I want to find the equation for the discharging of the capacitor \$C\$. My initial thought was to use KVL in the closed loop that is the circuit with the current \$i\$ going anti-clockwise (since the capacitor has \$+\$ on top the current will go anti-clockwise). This gives the equation

\$-v_C + v_R = 0 \Leftrightarrow \$

\$-v_C + Ri = 0 \Leftrightarrow \$

\$RC \frac{dv_c}{dt} = v_C \Leftrightarrow \$

\$\frac{dv_C}{dt} = \frac{1}{RC}v_c\$

Solving this gives: \$v_c(t) = v_c(0) e^{\frac{t}{RC}}\$

However, this is exponential growth and will go to infinity as t goes to infinity. What I want to get is \$v_c(t) = v_c(0) e^{-\frac{t}{RC}}\$ which tends to \$0\$.
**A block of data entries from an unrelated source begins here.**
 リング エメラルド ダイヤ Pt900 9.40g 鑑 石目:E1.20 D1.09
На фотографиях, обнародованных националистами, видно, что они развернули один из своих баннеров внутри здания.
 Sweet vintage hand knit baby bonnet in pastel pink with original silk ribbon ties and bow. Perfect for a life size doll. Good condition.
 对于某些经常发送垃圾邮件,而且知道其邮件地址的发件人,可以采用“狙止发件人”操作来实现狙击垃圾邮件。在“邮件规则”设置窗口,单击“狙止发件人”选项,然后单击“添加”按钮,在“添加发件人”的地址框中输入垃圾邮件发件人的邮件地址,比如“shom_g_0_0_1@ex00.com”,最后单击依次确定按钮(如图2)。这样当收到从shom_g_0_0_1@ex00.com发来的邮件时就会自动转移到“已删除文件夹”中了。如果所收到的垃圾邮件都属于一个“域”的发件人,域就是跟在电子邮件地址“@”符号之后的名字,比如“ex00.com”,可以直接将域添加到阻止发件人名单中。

My school book use the upper branch as a node and applies KCL to it with currents going downwards for both the resistor and the capacitor. This will give the correct answer.
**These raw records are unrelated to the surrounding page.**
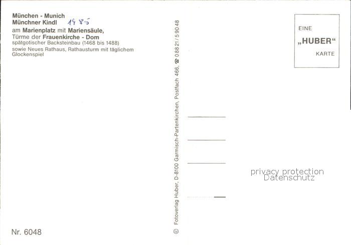 72309965 Muenchner Kindl Muenchen Marienplatz Mariensaeule Frauenkirche postalisch nicht gelaufen Erhaltung siehe scans KatCode: 11110009162000
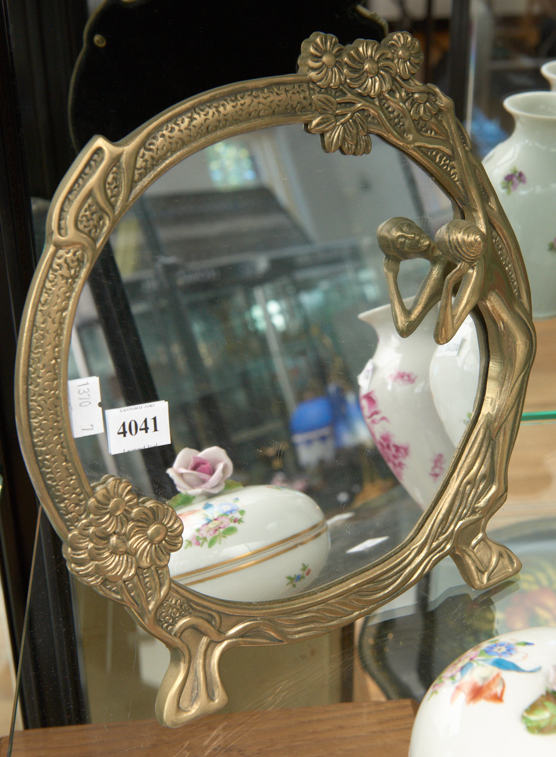 A FRENCH GILT BRONZE AND MARBLE FIGURAL LAMP - MILKGLASS SHADE
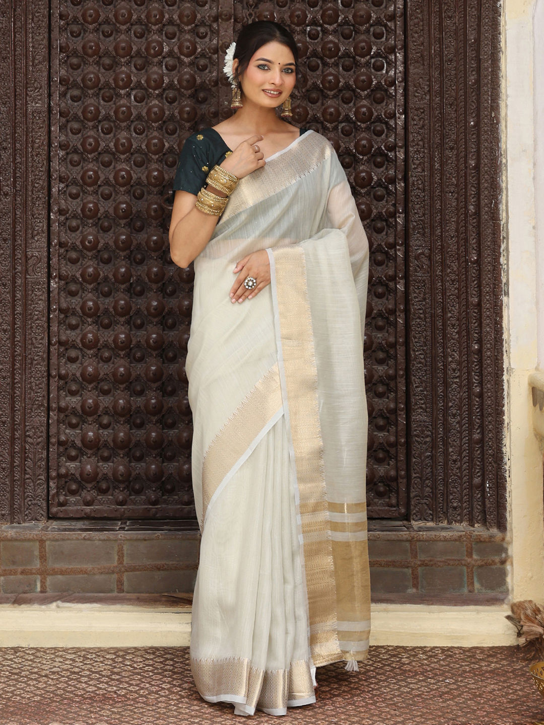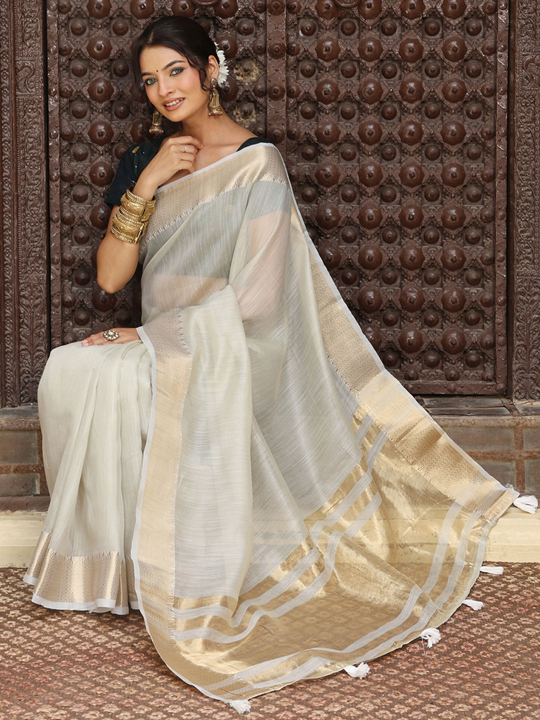 Black and Grey color Saree in Cotton fabric with Weaving work

What I want to know is what have I done wrong in my method with KVL that gives the wrong answer?

## Best Answer

Your mistake was substituting: $$i= +CdV_c/dt$$ This would have been true if the current was flowing "into" the capacitor (charging). But here the capacitor is discharging, and hence current direction is in the opposite direction. Therefore: $$i = - CdV_c/dt$$

Now you will reach the given solution.